- **RECORD EXTRACTS**
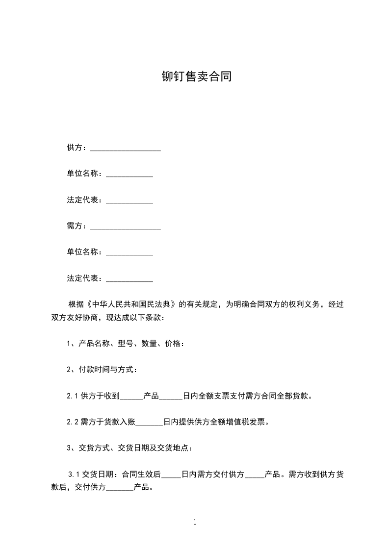 双面撞钉售卖合同
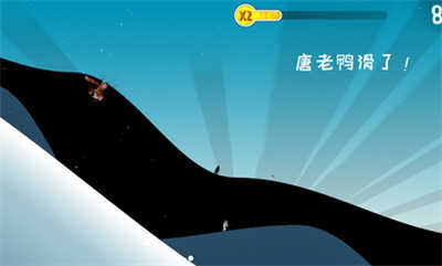 - 指轻触屏幕操纵人物,简单有趣,在惊险刺激的大冒险中体验爽快的滑雪感受。
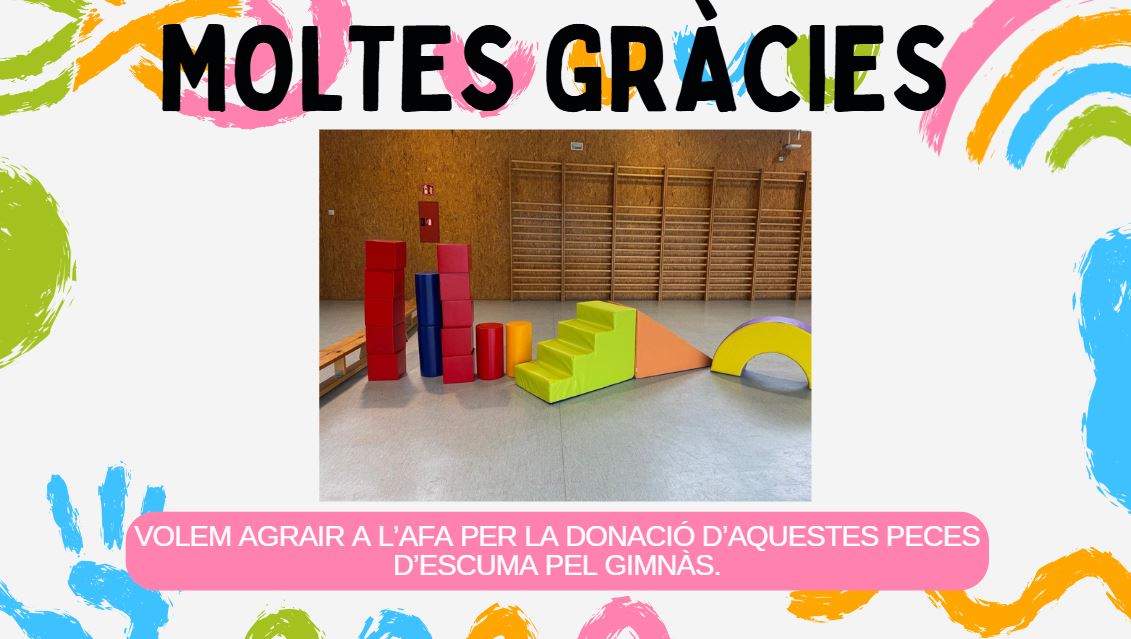 GRÀCIES AFA! Feu un comentari / Per admin / 7 de novembre de 2024 / AFA General Portada L’AFA ens ha fet donació d’aquestes peces de psicomotricitat pel gimnàs de l’escola. Seguiu la feina que fa l’AFA al seu INSTAGRAM!!
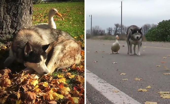 Собаке Максу было 5 лет, когда Патрик и Кирстен Райли из Строута, штат Миннесота, приняли его. Он быстро подружился с Сашей, другим Хаски, который на тот момент уже жил в семье. Однако Саша вскоре скончалась и в сердце Макса поселилось одиночество. Эта пустота вскоре стала заполнена уткой.
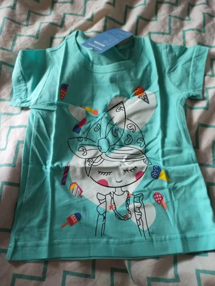 Футболочки не мятные, голубые с пироженкой и девочкой одинаковые. За 75₽ отл
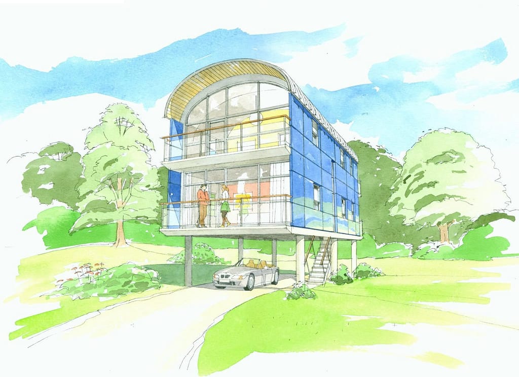 I thought it was a pretty sexy idea. I was looking for a nice big derelict site in Avonmouth for example, close to the M4/M5 junction. The exhibition was to give individuals and organisations of any kind the chance to design build and show off an affordable home. The rules were to be pretty minimal, and since they weren’t permanent homes there wasn’t a problem with planning. What I had in mind was a down to earth, informal, exciting place to show off the kind of houses people might like to think about living in, compared to the retro, faux, increasingly cramped and tacky boxes that they were being force fed as a captive market by a dozen major developers driven only by profit.
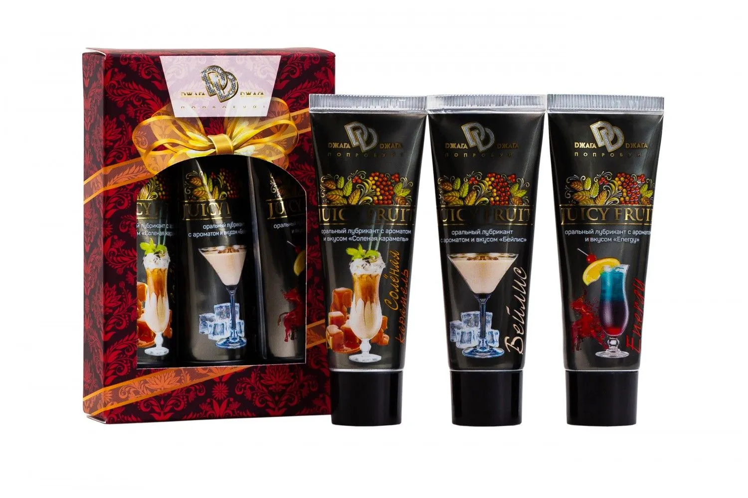 Подарочный набор состоит из трех сочных и ярких ароматизированных смазок нашей коллекции: Juicy fruit соленая карамель, Juicy fruit Бейлис, Juicy fruit Energy. Интимные лубриканты насыщенных ароматов подарят вам незабываемые впечатления оральных ласк. Продукты содержат только натуральные пищевые ароматизаторы. Абсолютно безопасен для орального потребления.
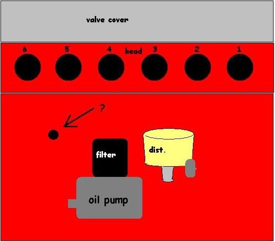 What is the little plug bolt that is located about 5 inches below the 5th and 6th plugs on the distributor side of the engine? Is it a place to put an oil pressure sending unit? Or maybe for a temp sensor? I'm at work and don't have any pictures of that side of the engine, so I made this really craptastic mspaint to illustrate what I'm talking about.
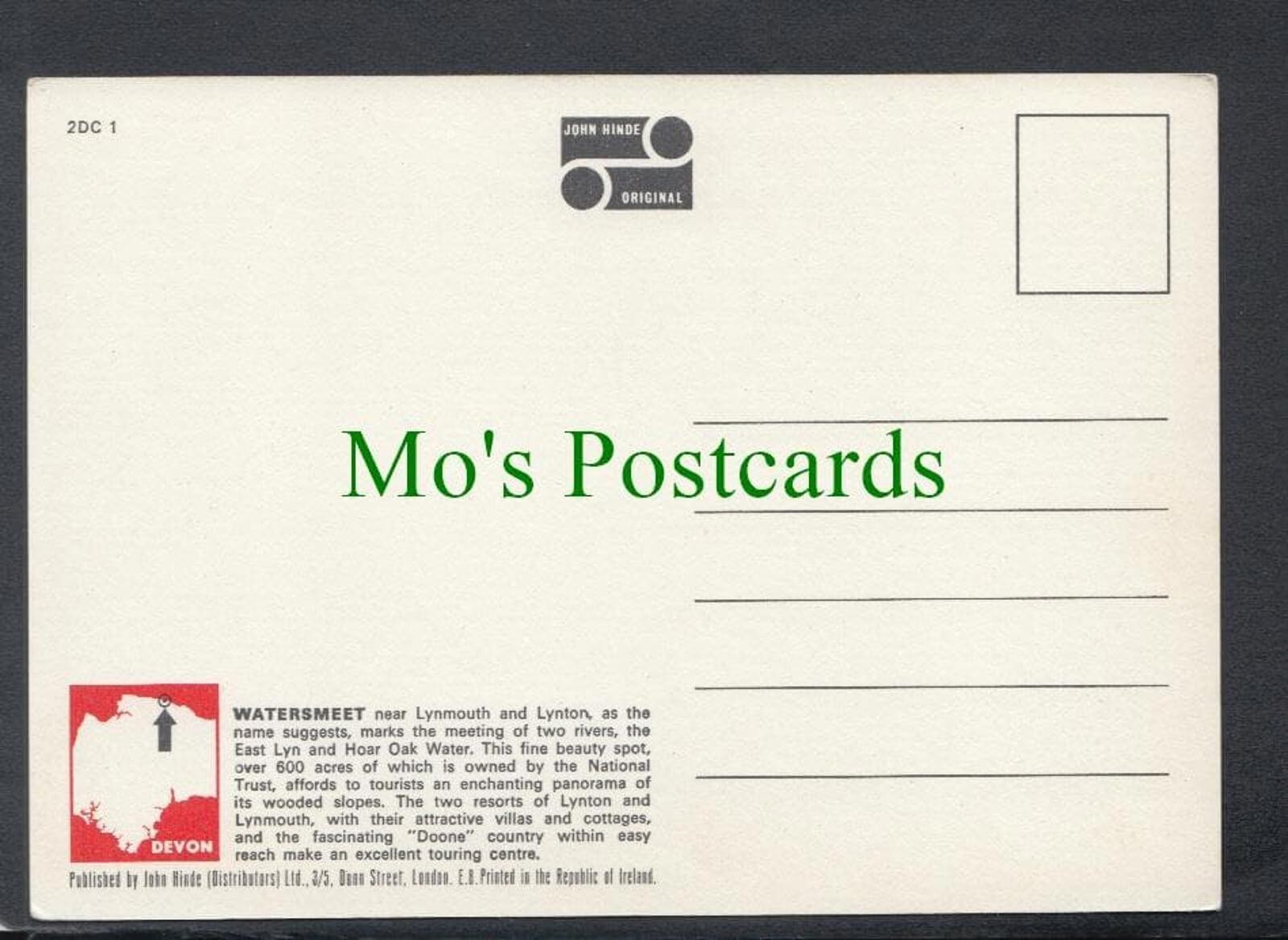 Postcard showing Watersmeet, Near Lynmouth, Devon.Mo's Postcards offers for sale a postcard of Watersmeet, Near Lynmouth, Devon.Continental size postcard. Published by John Hinde.Any significant defects will be noted within this descriptive text.Please study the scanned images carefully to form your own opinion of the condition. All of Mo's Postcards are protected inside a plastic sleeve and are shipped inside a board backed envelope which is marked please do not bend. Mo's Ref No: SW4778
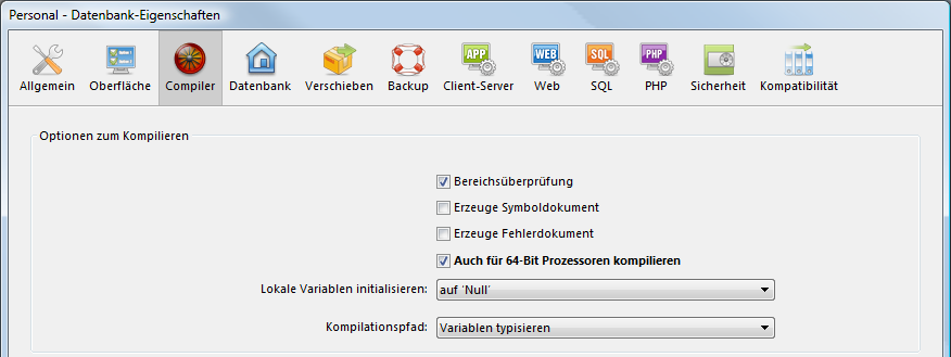 Anwendungen in 4D v12 lassen sich für 32-bit und 64-bit Prozessoren kompilieren. Dazu verwenden Sie in den Datenbank-Eigenschaften auf der Seite "Compiler" die neue Option Auch für 64-bit Prozessoren kompilieren:
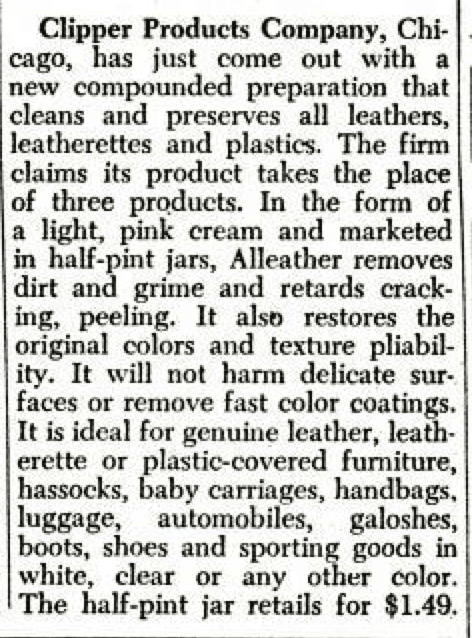 In the 1950s, Clipper Products Co. branched out into more types of cleaning products. The newspaper ad from above, dated to 1954, reveals a similar can to our Clipper Cleaner, but containing “Clipper Chrome & Metal Re-Newer” rather than wood polish. Shortly thereafter, a September 1955 issue of Billboard published the clip below, hyping another as-yet-unnamed Clipper cleaning product in the same type of half-pint jar. This was a “new compounded preparation that cleans and preserves all leathers, leatherettes, and plastics.” We theorize that this product was later marketed as “Alleather,” but the fact we’re unsure speaks to its permanent obscurity.
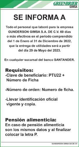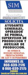 COMPAÑIA CONTRATISTA SOLICITA PERSONAL, AYUDANTE GENERAL, PERSONAL DE LIMPIEZA. COMUNICARSE AL TEL. 866-257-46-97. (58228 : 21-May : 29-May)
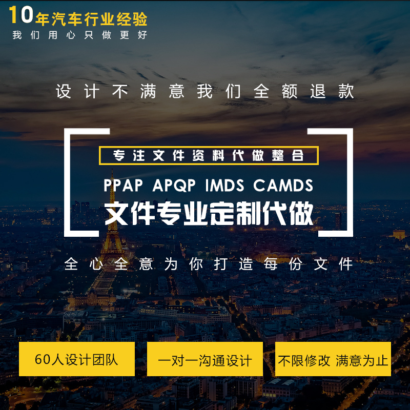 專精于五金件、注塑件、緊固件,特殊加工零件,汽車零部件等產(chǎn)品的PPAP、IMDS、CAMDS、FMEA、8D報告等技術(shù)文件輔導制作服務。
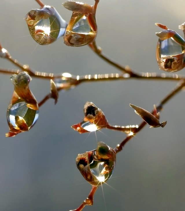 These pretty brilliant macro photos of water drops were taken from plants just after a rain. Enjoy! :) |
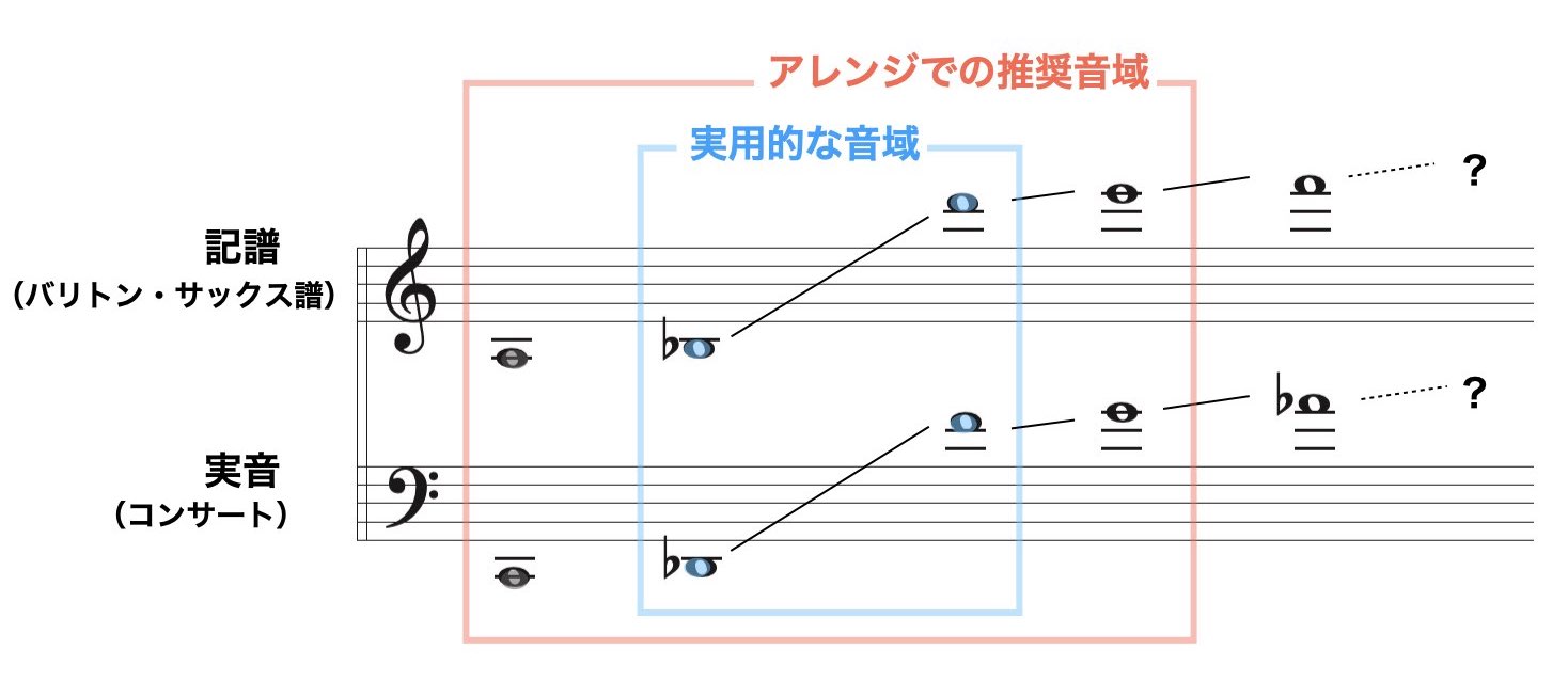 なのでト音記号の楽譜からバリトン・サックス譜をつくるとき、音域から外れる場合があるので気をつけましょう。(音域については下記をご参考ください。)
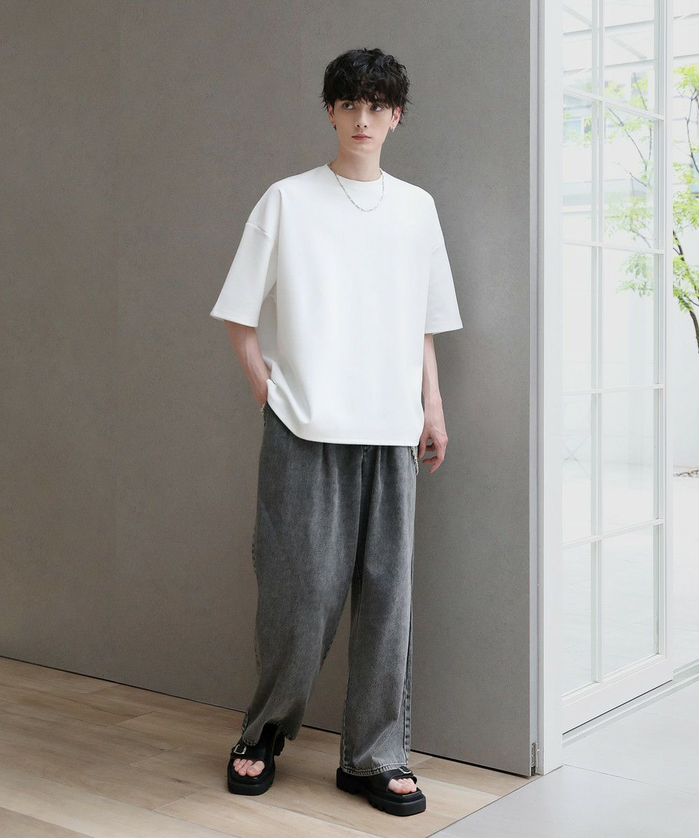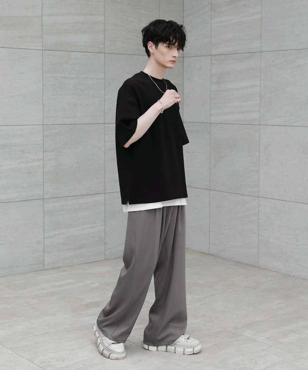 ゆったりとしたドロップショルダーが抜け感を出しつつ、着丈を長すぎない程よい長さに設定しているためレイヤードコーデもお楽しみいただけます。
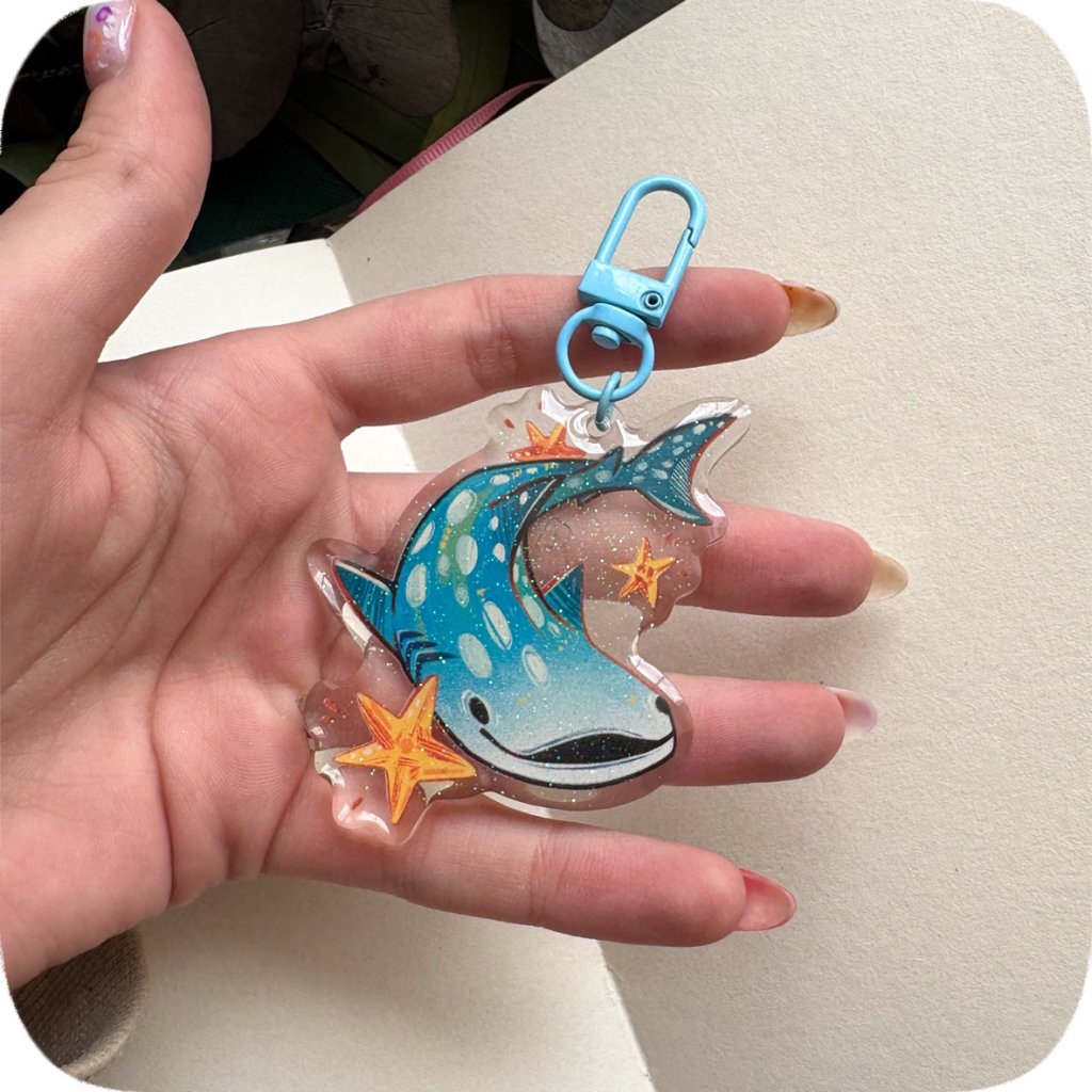 ✿ akrylová klíčenka zalitá třpytkatou pryskyřicí s modrou karabinkou

- **PROBLEM TO WORK ON**
Without the pictures, copy out all the records above exactly.

- **WRITTEN ANSWER**
 双面撞钉售卖合同
 - 指轻触屏幕操纵人物,简单有趣,在惊险刺激的大冒险中体验爽快的滑雪感受。
 GRÀCIES AFA! Feu un comentari / Per admin / 7 de novembre de 2024 / AFA General Portada L’AFA ens ha fet donació d’aquestes peces de psicomotricitat pel gimnàs de l’escola. Seguiu la feina que fa l’AFA al seu INSTAGRAM!!
 Собаке Максу было 5 лет, когда Патрик и Кирстен Райли из Строута, штат Миннесота, приняли его. Он быстро подружился с Сашей, другим Хаски, который на тот момент уже жил в семье. Однако Саша вскоре скончалась и в сердце Макса поселилось одиночество. Эта пустота вскоре стала заполнена уткой.
 Футболочки не мятные, голубые с пироженкой и девочкой одинаковые. За 75₽ отл
 I thought it was a pretty sexy idea. I was looking for a nice big derelict site in Avonmouth for example, close to the M4/M5 junction. The exhibition was to give individuals and organisations of any kind the chance to design build and show off an affordable home. The rules were to be pretty minimal, and since they weren’t permanent homes there wasn’t a problem with planning. What I had in mind was a down to earth, informal, exciting place to show off the kind of houses people might like to think about living in, compared to the retro, faux, increasingly cramped and tacky boxes that they were being force fed as a captive market by a dozen major developers driven only by profit.
 Подарочный набор состоит из трех сочных и ярких ароматизированных смазок нашей коллекции: Juicy fruit соленая карамель, Juicy fruit Бейлис, Juicy fruit Energy. Интимные лубриканты насыщенных ароматов подарят вам незабываемые впечатления оральных ласк. Продукты содержат только натуральные пищевые ароматизаторы. Абсолютно безопасен для орального потребления.
 What is the little plug bolt that is located about 5 inches below the 5th and 6th plugs on the distributor side of the engine? Is it a place to put an oil pressure sending unit? Or maybe for a temp sensor? I'm at work and don't have any pictures of that side of the engine, so I made this really craptastic mspaint to illustrate what I'm talking about.
 Postcard showing Watersmeet, Near Lynmouth, Devon.Mo's Postcards offers for sale a postcard of Watersmeet, Near Lynmouth, Devon.Continental size postcard. Published by John Hinde.Any significant defects will be noted within this descriptive text.Please study the scanned images carefully to form your own opinion of the condition. All of Mo's Postcards are protected inside a plastic sleeve and are shipped inside a board backed envelope which is marked please do not bend. Mo's Ref No: SW4778
 Anwendungen in 4D v12 lassen sich für 32-bit und 64-bit Prozessoren kompilieren. Dazu verwenden Sie in den Datenbank-Eigenschaften auf der Seite "Compiler" die neue Option Auch für 64-bit Prozessoren kompilieren:
 In the 1950s, Clipper Products Co. branched out into more types of cleaning products. The newspaper ad from above, dated to 1954, reveals a similar can to our Clipper Cleaner, but containing “Clipper Chrome & Metal Re-Newer” rather than wood polish. Shortly thereafter, a September 1955 issue of Billboard published the clip below, hyping another as-yet-unnamed Clipper cleaning product in the same type of half-pint jar. This was a “new compounded preparation that cleans and preserves all leathers, leatherettes, and plastics.” We theorize that this product was later marketed as “Alleather,” but the fact we’re unsure speaks to its permanent obscurity.
 COMPAÑIA CONTRATISTA SOLICITA PERSONAL, AYUDANTE GENERAL, PERSONAL DE LIMPIEZA. COMUNICARSE AL TEL. 866-257-46-97. (58228 : 21-May : 29-May)
 專精于五金件、注塑件、緊固件,特殊加工零件,汽車零部件等產(chǎn)品的PPAP、IMDS、CAMDS、FMEA、8D報告等技術(shù)文件輔導制作服務。
 These pretty brilliant macro photos of water drops were taken from plants just after a rain. Enjoy! :) |
 なのでト音記号の楽譜からバリトン・サックス譜をつくるとき、音域から外れる場合があるので気をつけましょう。(音域については下記をご参考ください。)
 ゆったりとしたドロップショルダーが抜け感を出しつつ、着丈を長すぎない程よい長さに設定しているためレイヤードコーデもお楽しみいただけます。
 ✿ akrylová klíčenka zalitá třpytkatou pryskyřicí s modrou karabinkou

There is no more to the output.